Ze kijkt me hoofdschuddend aan en doet de deur voor me open. Alleen Danielle en Amila staan hier, de rest is nergens te bekennen.
 'Waar zijn de anderen?'
 'Al naar het busje. Elynne vond het onbenullig om op jou te wachten en toen is de rest er achteraan gedraven', zegt Danielle. 'Maar wij vonden het wel netjes om te wachten', voegt Amila er glimlachend aan toe.
 Waarom lacht ze nog steeds? Denkt ze dat dit een grap is?
 Ik knik kort als bedankje.
 'Hoe is het met Mike?'
 'Catrice en Craig hebben hem ondersteund tijdens het lopen, dus ik denk dat dat goed gekomen is.'
 'Beter.'
 'Je maakt je echt zorgen om hem, hè?' Ze legt haar hand op mijn schouder en kijkt me meelevend aan. Acuut blijf ik stilstaan. Haar koude vingers voelen vreemd aan, maar het gevoel is vertrouwd. Te vertrouwd.
 Wat onwennig haal ik Amila's hand van mijn schouder.
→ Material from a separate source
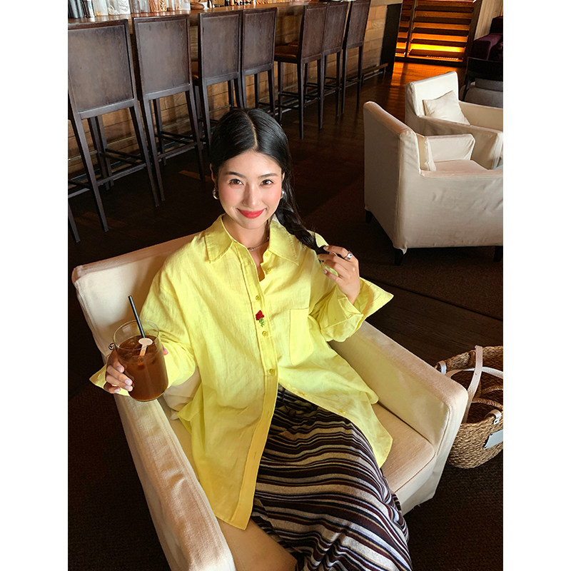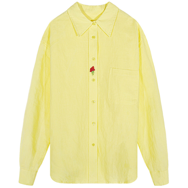 女棉麻长袖 黄色宽松衬衫 上衣 开春小众穿搭2025年新款 今屿花花

 'Blijf van me af', zeg ik bot, '...Asjeblieft', voeg ik er snel aan toe. 'Sorry.' Amila slaat haar ogen neer. Ik steek mijn handen in mijn zakken, zodat ik niet ga piekeren over vroeger, want aan het verleden terugdenken geeft op dit moment alleen maar gedoe. Als ik alleen was zou ik het misschien fijn vinden. Dan zou ik terugdenken aan alle mooie zomers die ik met mijn broer doorbracht op het strand, toen alles nog vredig en normaal was. Daarna betrap ik mezelf erop dat ik toch écht even terugdacht aan het verleden.
 'Waarom denk je eigenlijk dat alles goed gaat komen? We spelen niet in een slechte B-film. Niks komt goed', zeg ik dan om van onderwerp te veranderen en omdat ik wil weten hoe ze zo vrolijk kan doen. Is dat haar manier van accepteren dat ze dood gaat?
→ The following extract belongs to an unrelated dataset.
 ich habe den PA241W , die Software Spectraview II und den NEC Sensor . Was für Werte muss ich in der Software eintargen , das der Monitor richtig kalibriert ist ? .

 'Hoezo? Jullie kunnen het toch proberen?'
 'Jullie?'
 'Ja, toch? Ik en Danielle... we hoeven toch ook niet mensen neer te schieten of zo?' Haar ogen beginnen een beetje waterig te worden.
 'Wel als het moet. Clayton heeft deze missie aan ons allemaal gegeven. Dus ja, ook aan jou. Sorry, maar we zitten allemaal in deze stronthoop.' Dat excuus meen ik oprecht. Niemand hoort te moorden op commando.
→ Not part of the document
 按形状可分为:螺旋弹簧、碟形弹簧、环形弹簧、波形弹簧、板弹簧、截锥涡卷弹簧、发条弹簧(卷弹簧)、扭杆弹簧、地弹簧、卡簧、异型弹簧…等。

 Mijn woorden komen hard aan bij Amila. Ze slaat haar hand voor haar mond, begint zachtjes te snikken en knijpt Danielle's hand bijna fijn. Zijzelf lijkt ook van haar stuk gebracht te zijn.
 'Moest je dat nou zo zeggen?' fluistert ze me toe. 'Ja, dat is de waarheid.'
 Inmiddels zijn we de parkeerplaats opgelopen. Tussen de andere auto's kun je het busje duidelijk onderscheiden. Geen enkele vierwieler ziet er zo afgetrapt uit. Weer een punt dat bewijst dat deze missie niks wordt. Volgens mij kan die rammelbak maar 140 kilometer per uur. Een snelheid die zelfs een bejaarde nog traag zou vinden.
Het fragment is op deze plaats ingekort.